■ Information supplied
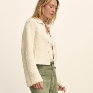 Relaxed, rib-stitched collared cardigan made from a lofty 5 guage cotton. Garment washed for a lived in, vintage feel and completed with corozo buttons and an easy, slightly laid back silhouette.
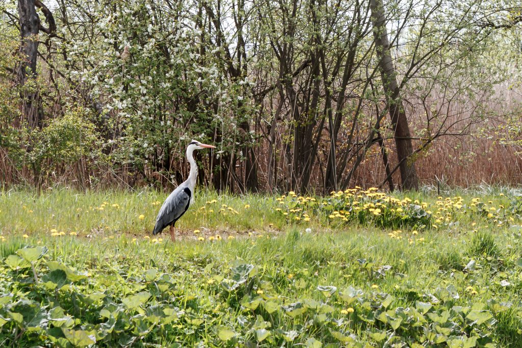 Löwenzahn gesäumte Ufer, frisches zartes Grün der Bäume, Schilfgürtel, fröhliches Vogelgezwitscher und das Nagen der ‚Justins‘ begleiten uns.
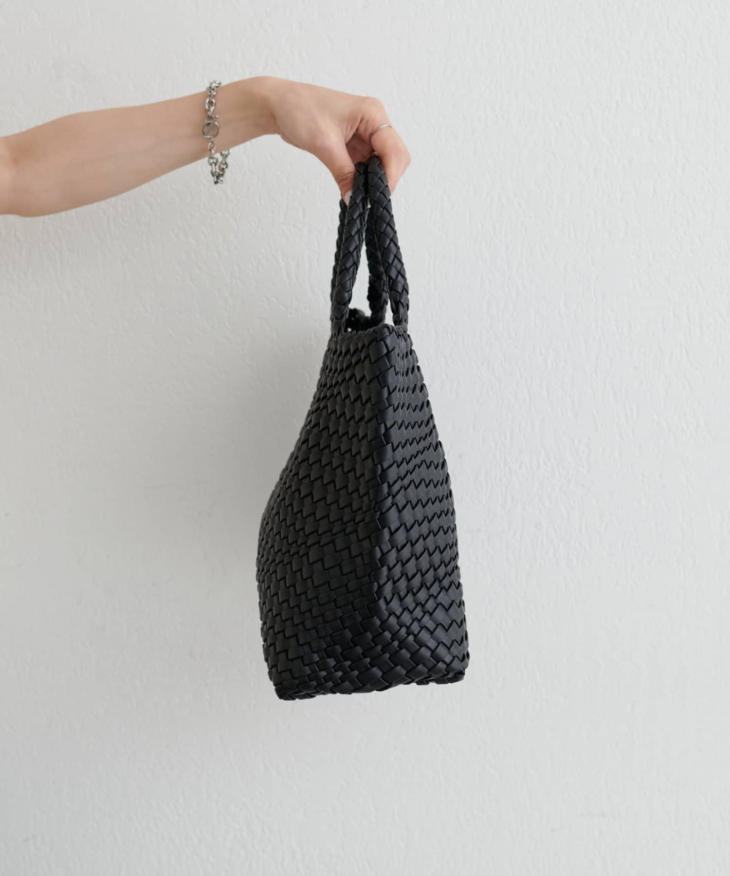 丁寧に編み込まれた合皮の質感が、洗練された印象を与えます。
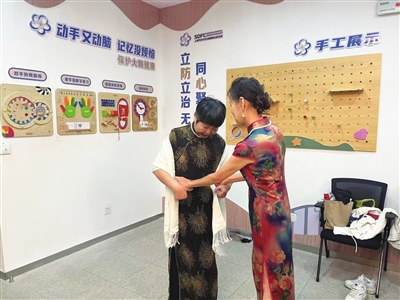 定海路街道和润苑居民陈女士今年68岁,是个热心肠。近来,她和小姐妹们精心打扮,参加了一场怀旧摄影活动。这是定海路街道老年认知障碍支持中心的“开场秀”,而陈女士就是该中心的志愿者。“总体来说,我们现在还算身体健康,社区里有一些患有认知障碍、行动不便的‘老老人’,我们‘小老人’当然要主动帮助,关心关爱他们,这也是我参加活动的动力。”
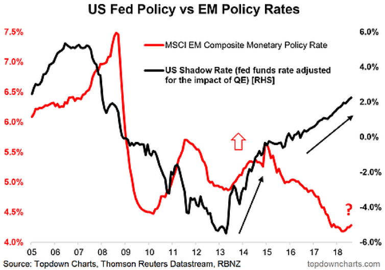ธนาคารกลางกลุ่มประเทศเกิดใหม่มีแนวโน้มปรับดอกเบี้ยขึ้นอย่างต่อเนื่อง ตามทิศทางดอกเบี้ยสหรัฐ เพื่อสกัดเงินลงทุนไหลกลับไปลงทุนในสหรัฐฯ ซึ่งส่งผลให้ค่าเงินในสกุลตลาดเกิดใหม่ปรับตัวอ่อนค่าลง หนี้สินในสกุลดอลลาร์สหรัฐฯ มีมูลค่าสูงขึ้นเมื่อเทียบกับสกุลเงินท้องถิ่น นักลงทุนกังวลต่อความเสี่ยงการผิดนัดชำระหนี้ ดังนั้นกระแสเงินจึงยังคงไหลออกจากกลุ่มประเทศตลาดเกิดใหม่อย่างต่อเนื่อง เพื่อหลีกเลี่ยงความเสี่ยงดังกล่าว
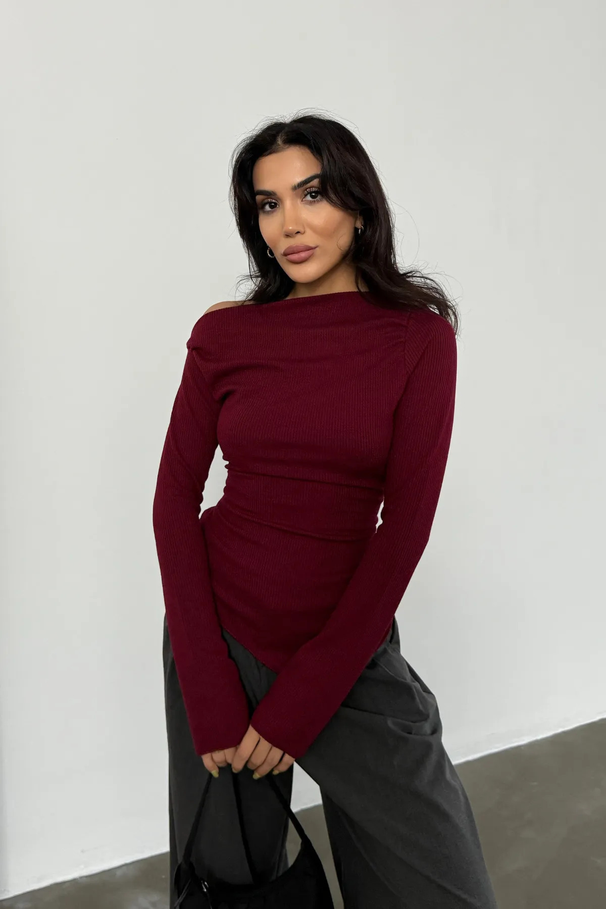 Kadın Bordo Drapeli Kayık Yaka Asimetrik Likralı Örme Bluz Kadın Bordo Drapeli Kayık Yaka Asimetrik Likralı Örme Bluz DRPL-100 L
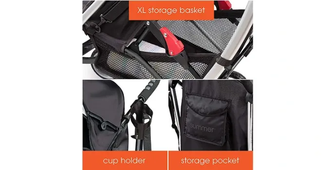 The babysitting chair and stroller by Summer Infant include various storage spaces like organization trays, snack and drink holders, toy bars, hoods, and many more, providing a secure space to keep everything safe and comfortable on this four-position recline.

■ Exercise goal
The result should be all the records, retyped exactly, with no pictures among them.

■ Task response
 Relaxed, rib-stitched collared cardigan made from a lofty 5 guage cotton. Garment washed for a lived in, vintage feel and completed with corozo buttons and an easy, slightly laid back silhouette.
 Löwenzahn gesäumte Ufer, frisches zartes Grün der Bäume, Schilfgürtel, fröhliches Vogelgezwitscher und das Nagen der ‚Justins‘ begleiten uns.
 丁寧に編み込まれた合皮の質感が、洗練された印象を与えます。
 定海路街道和润苑居民陈女士今年68岁,是个热心肠。近来,她和小姐妹们精心打扮,参加了一场怀旧摄影活动。这是定海路街道老年认知障碍支持中心的“开场秀”,而陈女士就是该中心的志愿者。“总体来说,我们现在还算身体健康,社区里有一些患有认知障碍、行动不便的‘老老人’,我们‘小老人’当然要主动帮助,关心关爱他们,这也是我参加活动的动力。”
ธนาคารกลางกลุ่มประเทศเกิดใหม่มีแนวโน้มปรับดอกเบี้ยขึ้นอย่างต่อเนื่อง ตามทิศทางดอกเบี้ยสหรัฐ เพื่อสกัดเงินลงทุนไหลกลับไปลงทุนในสหรัฐฯ ซึ่งส่งผลให้ค่าเงินในสกุลตลาดเกิดใหม่ปรับตัวอ่อนค่าลง หนี้สินในสกุลดอลลาร์สหรัฐฯ มีมูลค่าสูงขึ้นเมื่อเทียบกับสกุลเงินท้องถิ่น นักลงทุนกังวลต่อความเสี่ยงการผิดนัดชำระหนี้ ดังนั้นกระแสเงินจึงยังคงไหลออกจากกลุ่มประเทศตลาดเกิดใหม่อย่างต่อเนื่อง เพื่อหลีกเลี่ยงความเสี่ยงดังกล่าว
 Kadın Bordo Drapeli Kayık Yaka Asimetrik Likralı Örme Bluz Kadın Bordo Drapeli Kayık Yaka Asimetrik Likralı Örme Bluz DRPL-100 L
 The babysitting chair and stroller by Summer Infant include various storage spaces like organization trays, snack and drink holders, toy bars, hoods, and many more, providing a secure space to keep everything safe and comfortable on this four-position recline.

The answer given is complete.